Tuesday, August 7, 2007

Federal prosecutors are considering the death penalty in the case of four Trinidadian nationals extradited to face federal charges in the District in the kidnapping and killing of a U.S. citizen.

The four men were brought to the U.S. last month in connection with the April 2005 abduction of Balram Maharaj, a U.S. citizen and military veteran who was visiting family in the country.

The abductors sought a $500,000 ransom, but Mr. Maharaj’s body was found mutilated in a remote part of Trinidad months after he disappeared, prosecutors said.

The U.S. attorney’s office has not filed a notice of intent to seek the death penalty, but defense attorney John Carney recently told the embassy for the Republic of Trinidad and Tobago that his client, Wayne Pierre, faces capital punishment in the case.

In a letter filed in federal court in recent days, Mr.
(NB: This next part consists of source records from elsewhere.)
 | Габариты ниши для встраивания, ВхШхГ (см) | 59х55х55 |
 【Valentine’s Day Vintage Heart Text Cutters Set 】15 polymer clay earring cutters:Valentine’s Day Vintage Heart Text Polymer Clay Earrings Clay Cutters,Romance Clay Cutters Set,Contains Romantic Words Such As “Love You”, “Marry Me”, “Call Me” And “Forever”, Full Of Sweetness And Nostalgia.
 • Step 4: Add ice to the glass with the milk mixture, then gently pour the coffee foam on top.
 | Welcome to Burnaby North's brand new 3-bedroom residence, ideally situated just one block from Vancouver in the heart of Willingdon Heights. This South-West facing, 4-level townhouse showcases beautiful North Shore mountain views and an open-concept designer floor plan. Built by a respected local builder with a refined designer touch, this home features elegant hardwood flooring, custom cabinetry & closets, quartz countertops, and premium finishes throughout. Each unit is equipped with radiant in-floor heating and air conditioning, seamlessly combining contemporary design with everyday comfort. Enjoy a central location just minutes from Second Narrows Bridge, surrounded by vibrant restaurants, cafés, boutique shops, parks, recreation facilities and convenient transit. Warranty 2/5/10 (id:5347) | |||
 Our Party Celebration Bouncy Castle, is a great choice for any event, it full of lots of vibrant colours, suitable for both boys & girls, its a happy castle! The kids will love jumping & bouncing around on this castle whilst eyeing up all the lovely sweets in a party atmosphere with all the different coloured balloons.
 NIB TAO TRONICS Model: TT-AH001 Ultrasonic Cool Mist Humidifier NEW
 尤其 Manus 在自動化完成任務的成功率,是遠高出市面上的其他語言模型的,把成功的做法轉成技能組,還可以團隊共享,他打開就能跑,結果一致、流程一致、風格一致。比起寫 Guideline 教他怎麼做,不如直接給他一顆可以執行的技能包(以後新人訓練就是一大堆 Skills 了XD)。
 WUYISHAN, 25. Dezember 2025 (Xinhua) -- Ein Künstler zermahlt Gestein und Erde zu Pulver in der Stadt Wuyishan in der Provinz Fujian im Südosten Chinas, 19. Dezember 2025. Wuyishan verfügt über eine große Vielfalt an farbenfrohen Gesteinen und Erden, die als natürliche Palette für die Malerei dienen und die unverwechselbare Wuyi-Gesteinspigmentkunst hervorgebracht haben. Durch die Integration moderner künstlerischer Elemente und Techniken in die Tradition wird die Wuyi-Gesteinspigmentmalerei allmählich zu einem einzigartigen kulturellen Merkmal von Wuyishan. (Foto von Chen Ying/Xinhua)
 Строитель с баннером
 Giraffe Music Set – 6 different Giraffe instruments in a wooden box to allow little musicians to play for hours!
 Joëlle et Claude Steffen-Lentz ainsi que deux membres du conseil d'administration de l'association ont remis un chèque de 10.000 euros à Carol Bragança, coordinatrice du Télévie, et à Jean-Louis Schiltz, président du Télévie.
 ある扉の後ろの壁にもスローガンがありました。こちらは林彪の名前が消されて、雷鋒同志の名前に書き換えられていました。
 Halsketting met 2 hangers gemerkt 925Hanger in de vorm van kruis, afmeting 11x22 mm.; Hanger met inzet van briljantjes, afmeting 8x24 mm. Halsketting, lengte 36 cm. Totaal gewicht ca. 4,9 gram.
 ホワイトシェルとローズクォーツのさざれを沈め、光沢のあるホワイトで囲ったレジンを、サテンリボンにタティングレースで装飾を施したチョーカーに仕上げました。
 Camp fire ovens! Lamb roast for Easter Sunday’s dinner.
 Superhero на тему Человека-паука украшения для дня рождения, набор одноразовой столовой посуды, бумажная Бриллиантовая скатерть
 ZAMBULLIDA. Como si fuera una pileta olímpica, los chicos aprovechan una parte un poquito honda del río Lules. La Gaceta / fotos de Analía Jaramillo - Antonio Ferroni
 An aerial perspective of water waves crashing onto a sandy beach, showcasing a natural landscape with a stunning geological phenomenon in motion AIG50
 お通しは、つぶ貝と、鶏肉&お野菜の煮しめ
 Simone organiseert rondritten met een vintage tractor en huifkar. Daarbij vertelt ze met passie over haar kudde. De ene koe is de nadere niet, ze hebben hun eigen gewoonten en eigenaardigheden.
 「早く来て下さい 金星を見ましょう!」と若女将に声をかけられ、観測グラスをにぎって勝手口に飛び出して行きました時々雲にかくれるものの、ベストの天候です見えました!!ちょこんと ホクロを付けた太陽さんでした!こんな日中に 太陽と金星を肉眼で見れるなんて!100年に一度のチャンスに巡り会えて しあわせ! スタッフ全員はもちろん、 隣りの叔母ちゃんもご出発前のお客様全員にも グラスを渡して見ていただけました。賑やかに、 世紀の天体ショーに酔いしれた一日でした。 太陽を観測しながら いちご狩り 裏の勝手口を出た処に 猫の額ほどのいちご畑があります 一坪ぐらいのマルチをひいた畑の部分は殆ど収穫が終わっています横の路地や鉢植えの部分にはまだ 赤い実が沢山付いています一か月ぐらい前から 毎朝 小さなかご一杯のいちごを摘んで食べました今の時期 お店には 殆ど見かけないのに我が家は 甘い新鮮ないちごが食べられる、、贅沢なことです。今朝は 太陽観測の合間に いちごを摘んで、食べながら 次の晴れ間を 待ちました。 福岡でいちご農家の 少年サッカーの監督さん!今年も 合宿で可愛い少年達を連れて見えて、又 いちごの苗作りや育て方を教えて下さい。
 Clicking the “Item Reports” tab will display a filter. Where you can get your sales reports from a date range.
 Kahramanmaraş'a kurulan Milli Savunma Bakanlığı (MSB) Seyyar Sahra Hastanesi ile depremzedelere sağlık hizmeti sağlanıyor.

Carney told the embassy that the U.S. Department of Justice “has not waived its right to proceed with the case as a death penalty prosecution.”

“This charge is eligible for the death penalty if there is a prosecution,” Mr. Carney wrote to the embassy.

The case is being prosecuted in the District because Mr. Maharaj was a U.S. citizen. The U.S. Department of Justice in recent years brought three Rwandan nationals to face trial in the District in the killings of two American tourists in Uganda, though charges were dismissed last year.

In Mr. Pierre’s case, prosecutors say he was part of a group of a dozen abductors, some of them armed, who seized Mr. Maharaj while he was at a bar with friends.

The abductors demanded a ransom for his release, but his body was not found until January 2006 in a remote section of Trinidad, prosecutors said. The FBI’s Miami field office investigated the case.

In February, authorities announced that another defendant, Winston Gittens, had pleaded guilty and that prosecutors had agreed not to seek capital punishment.

“The horrible facts of the this case are a prime example of why the Department of Justice is so committed to investigating and prosecuting persons who seek to prey upon U.S. citizens and residents when they are abroad,” said Jeffrey Taylor, U.S. attorney for the District, speaking about Gittens’ plea earlier this year.

Four other defendants remain detained in Trinidad amid various appeals on whether they should be extradited.

The Justice Department will not seek the death penalty against those defendants, according to the U.S. attorney’s office. But it’s not clear whether the four others, including Mr. Pierre, who were brought to the U.S. last month will face capital punishment.

“There has been no public announcement with respect to the position of the Department of Justice on whether it will seek the death penalty,” said Channing Phillips, spokesman for the U.S. attorney’s office. “That decision is still pending.”

According to the indictment, Mr. Pierre helped plan the abduction. He also is charged with dismembering Mr. Maharaj’s body after he died, storing the remains in a blue plastic barrel and Styrofoam cooler before burying him in a remote section of Trinidad.

Prosecutors have had difficulty in recent capital punishment cases in the District. D.C. law bars the death penalty, but defendants can face capital punishment in federal crimes.

One year ago, six men faced death-penalty prosecutions, but in each case, the defendants avoided capital punishment. A jury ruled against the death penalty in the case of convicted gang enforcer Larry Gooch.

In a separate gang case, a judge ruled that prosecutors missed a key deadline to seek the death penalty against two accused of leading the Congress Park Crew.

In January, the Justice Department dropped charges against three men from Rwanda brought to the District to face capital murder charges in the 1999 killing and kidnapping of two American tourists in Uganda.

The move was prompted by a ruling from U.S. District Judge Ellen Huvelle, who suppressed the defendants’ confessions, citing evidence the men were tortured while imprisoned by Rwandan authorities.